Back to Zero Acre Farms and the mission “to completely remove industrial vegetable oils from our food system”? Completely remove. Really? 

Let’s consider some hard data. There are, I read, 199 million tons of vegetable oil demand. Zero Acre Farms does not propose that people should remove oils from their diet, just use healthier ones. So, let’s go to the Digest Calculator and add up the externalities.

The capex for advanced synbio industrial facilities runs at least $1300 per ton of annual capacity, more or less, so think about raising $259 billion to build out the production. OK, not all of usage is food. But think of the cost to put in the infrastructure. Figure out how to obtain millions of tons of sugar to make oils from, it’s not lying around by the side of the road.  And figure out how to keep the rural banking system from collapsing when a lot of oilseed collateral becomes worthless, and farm prices go through a convulsion. And, the costs could be much higher. A guru of advanced fermentartion, Jeff Lievense, writes:

“I’ve been involved in a few that are commercial (1,3-propanediol, farnesene, 1,4-butanediol) with more in the works and have good colleagues who have been involved in others (e.g.

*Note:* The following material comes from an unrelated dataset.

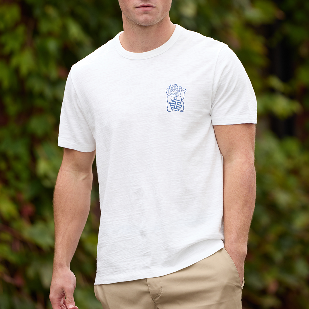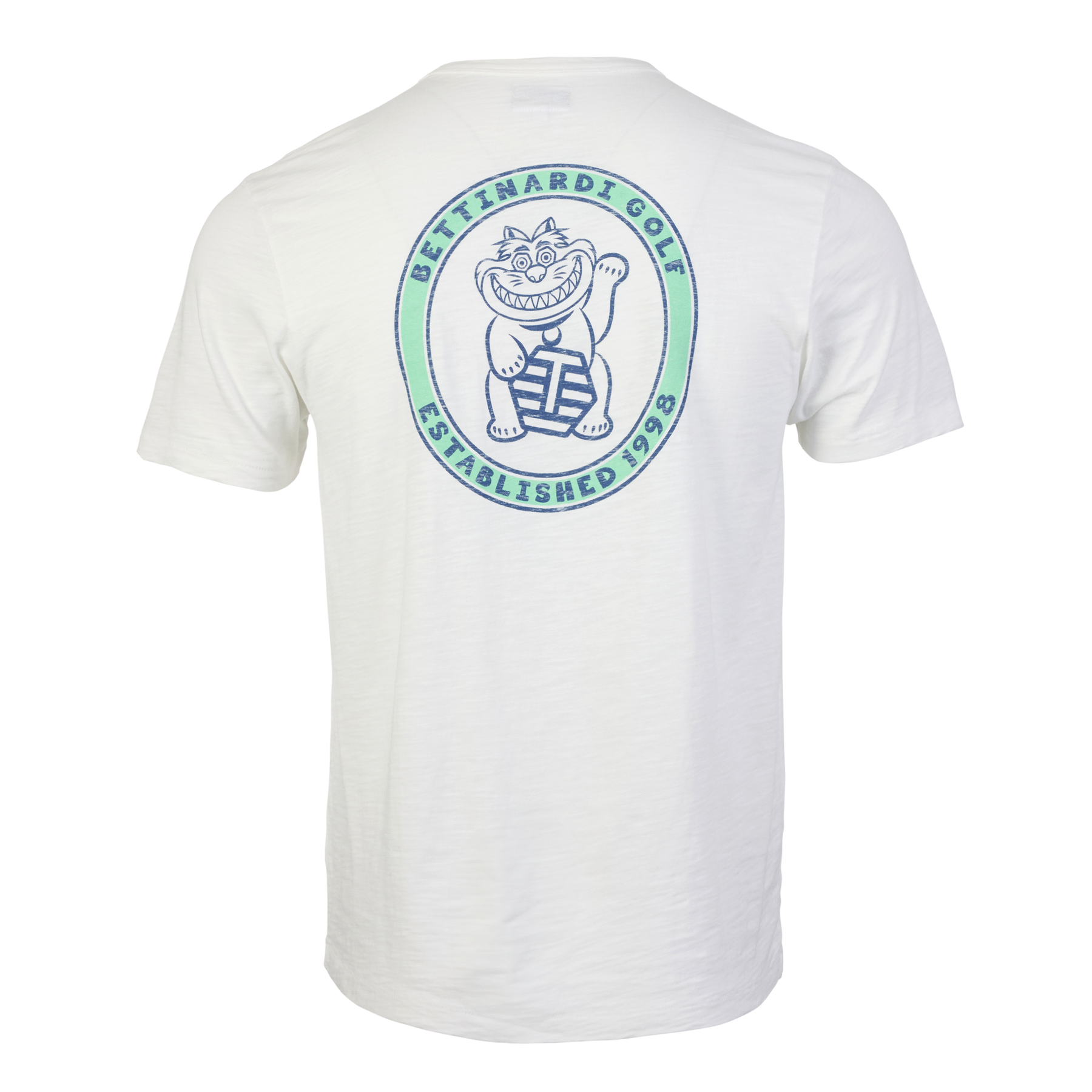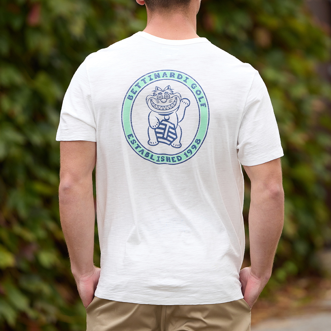 This Artic White Lucky Cat Rec. Tee is crafted from 100% pre-shrunk cotton, this medium-weight slub jersey shirt offers the perfect balance of comfort and durability. Its ribbed collar adds a touch of structure, while the classic fit ensures a timeless silhouette that suits any occasion. Designed for everyday wear, this versatile piece is a wardrobe essential. Finished with our Lucky Cat on the front and Bettinardi Golf text on the back. (100% Cotton)

Solazyme’s Moema plant). I would have put the capex at 2-3x your [$1300/ton] figure or even more, depending on the almighty details such as capacity, process complexities, location, site infrastructure, integration synergies, etc.”

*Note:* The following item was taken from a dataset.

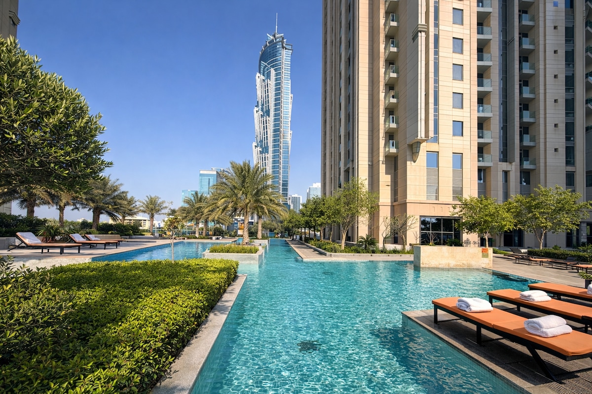 Desfrute de um luxo incomparável no Paramount Midtown, um deslumbrante apartamento de 1 quarto com vistas deslumbrantes para o horizonte do Dubai a partir da sua varanda privada. Desfrute de comodidades de classe mundial de 5⭐, incluindo a icónica piscina infinita, ginásio, spa e refeições no local. Perfeito para casais, famílias ou viajantes de negócios que procuram conforto, estilo e vistas inesquecíveis.

In that scenario, the capex rises for this “rid the world of veggie oils” scenario to as much as $777 billion. That’s Billion with a B.

So, let’s be frank. Here is a group of very smart people, the founders and early investors at Zero Acre Farms, who have what is in all probability a fine beginning to a technology. They probably don’t have a finished industrial process, detailed engineering, the techno-economics of their ambition, or any idea of how to accomplish the industrial transformation they are messaging about. So, shut up, show some humility, deliver something, think good thoughts, practice yoga if necessary.

Let’s be positive about the arrival of a new technology. I’ll raise a cheer for Zero Acre Farms, and I’ll be happy for their success. I think the company can do better on messaging, humility, and humanity.

We need to work on carbon reduction, yes. Healthier diets, yes. This technology is worth following, these founders are serious people. As Peter Paul & Mary once sang, “They Got A Good Thing Goin’ When The Words Don’t Get In The Way.”